Generate predictions for the test set.

In [None]:
# Generate predictions for test set
print(f"Generating predictions for {len(test_df)} test images...")
test_images = [DATA_DIR / "test" / img_id if DATA_DIR.exists() else Path("/kaggle/input/soil-classification/soil_classification-2025/test")/img_id 
              for img_id in test_df.image_id]

# Use batch prediction if available, otherwise predict one by one
if 'batch_predict' in globals():
    predictions = batch_predict(test_images, model, preprocess, clf, text_embeddings, CLASSES, device=DEVICE, batch_size=BATCH_SIZE)
else:
    predictions = [predict_image(img_path) for img_path in test_images]

print(f"Predictions complete for {len(predictions)} images")

## 11. Create Submission

Create a submission file with the predictions.

In [None]:
# Create submission file
output_file = "submission.csv"

# Use utility function if available, otherwise use inline code
if 'create_submission' in globals():
    submission_path = create_submission(test_df, predictions, output_file)
else:
    test_df["soil_type"] = predictions
    test_df.to_csv(output_file, index=False)
    submission_path = output_file
    
    # Print prediction distribution
    print(f"Prediction distribution:\n{test_df['soil_type'].value_counts()}")

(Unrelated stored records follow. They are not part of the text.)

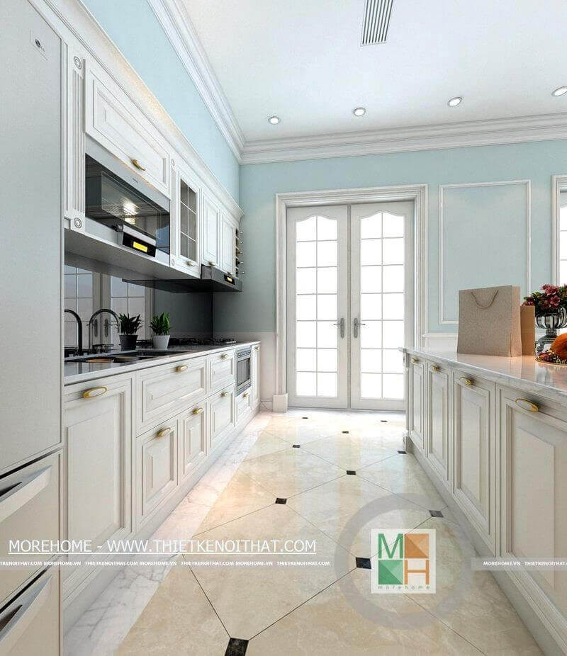 Thiết kế nội thất phòng bếp biệt thự sang trọng với tone màu trắng chủ tạo tạo nên không gian thoáng rộng và đẳng cấp hơn.
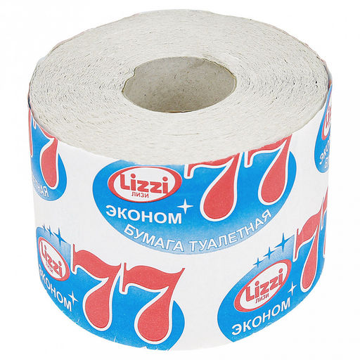 • Туалетная бумага 1-слойная "77 Эконом" 56м, сырье - серое макулатурное, плотность 28-30г/м2, с перфорацией и тиснением, LIZZi (Россия)
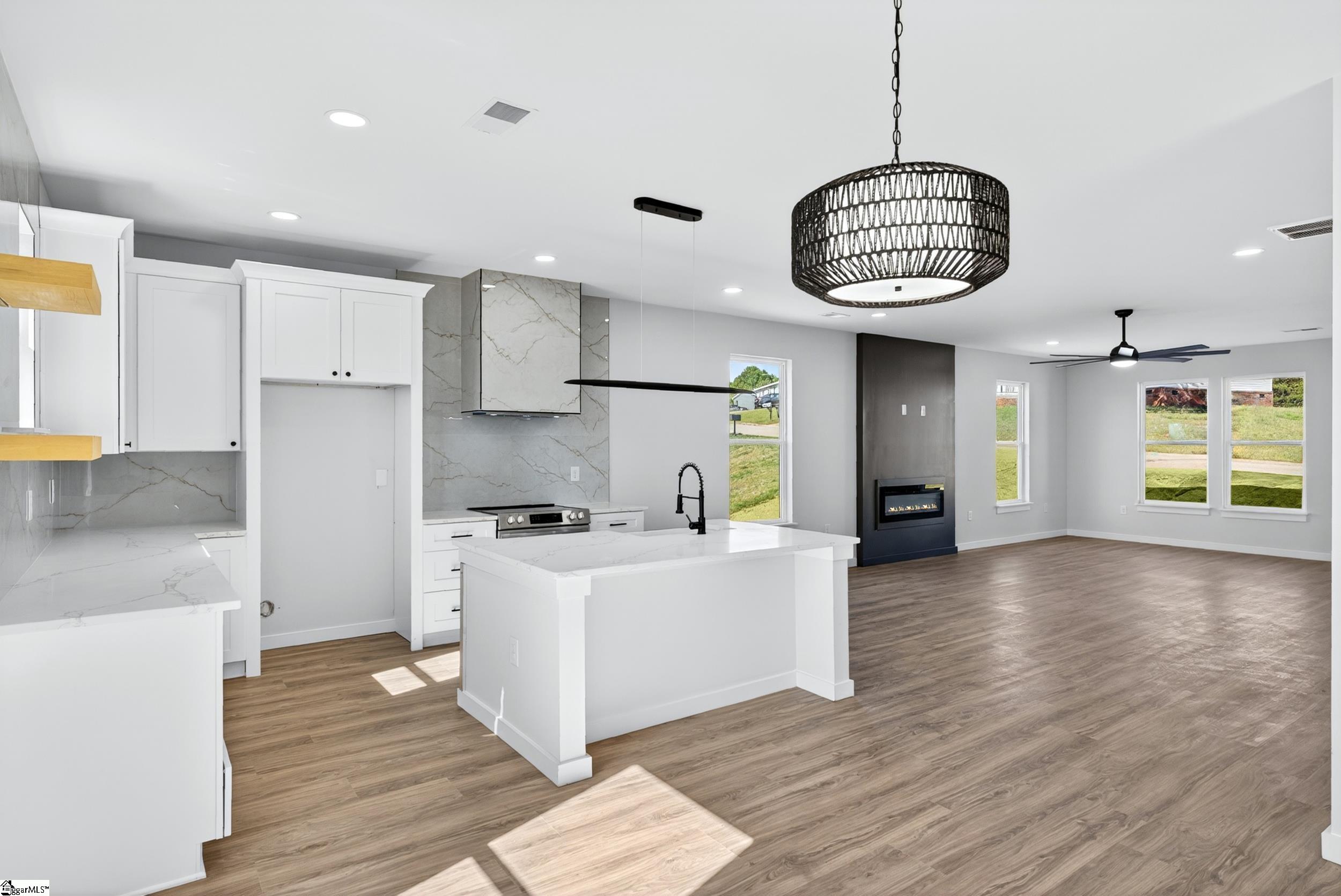 Welcome to 122 Current Drive, a beautifully designed home located in the sought-after River Breeze neighborhood. This thoughtfully crafted residence spans approximately 1,950 square feet and showcases an open-concept layout ideal for both everyday living and entertaining. Inside, you’ll find up to three bedrooms, each featuring walk-in closets with custom built-ins for exceptional organization and storage. The home includes two full bathrooms and a main-level half bath, each designed with a perfect balance of comfort and style. Set on a meticulously landscaped 0.44-acre lot, the property combines curb appeal and durability with its low-maintenance concrete plank exterior. Luxury vinyl plank flooring flows seamlessly throughout the interior, complementing the sleek quartz countertops found in both the kitchen and baths. At the heart of the home is a chef-inspired kitchen equipped with stainless steel appliances, a large island, and quartz surfaces—an ideal space for meal preparation and casual gatherings. The adjoining dining area and living area (in one large great room) are anchored by a modern fireplace, creating an inviting atmosphere perfect for relaxing or hosting guests. Step outside to enjoy the custom covered back patio and private balcony, both giving peaceful views of the beautifully maintained yard. These outdoor spaces provide the perfect setting to unwind, entertain, or simply enjoy the changing seasons. Conveniently located near Greenville’s shopping, dining, and top-rated schools, this home provides easy access to White Horse Road while maintaining a tranquil feel within the established River Breeze community—complete with the Saluda River flowing behind the home. Experience a home that’s as unique as it is refined. Schedule your private tour today and discover everything 122 Current Drive and River Breeze provides!

print(f"\nSubmission file created at: {submission_path}")
display(test_df.head(10))

## 12. Conclusion

Summarize the inference process and results.

In [None]:
print("Inference Summary:")
print(f"- Model: {MODEL_NAME} with {PRETRAINED} weights")
print(f"- Hybrid approach: 70% Logistic Regression, 30% Zero-Shot Classification")
print(f"- Test samples: {len(test_df)}")
print(f"- Validation accuracy: {val_accuracy:.2%}")
print(f"- Classes: {CLASSES}")
print(f"- Submission file: {submission_path}")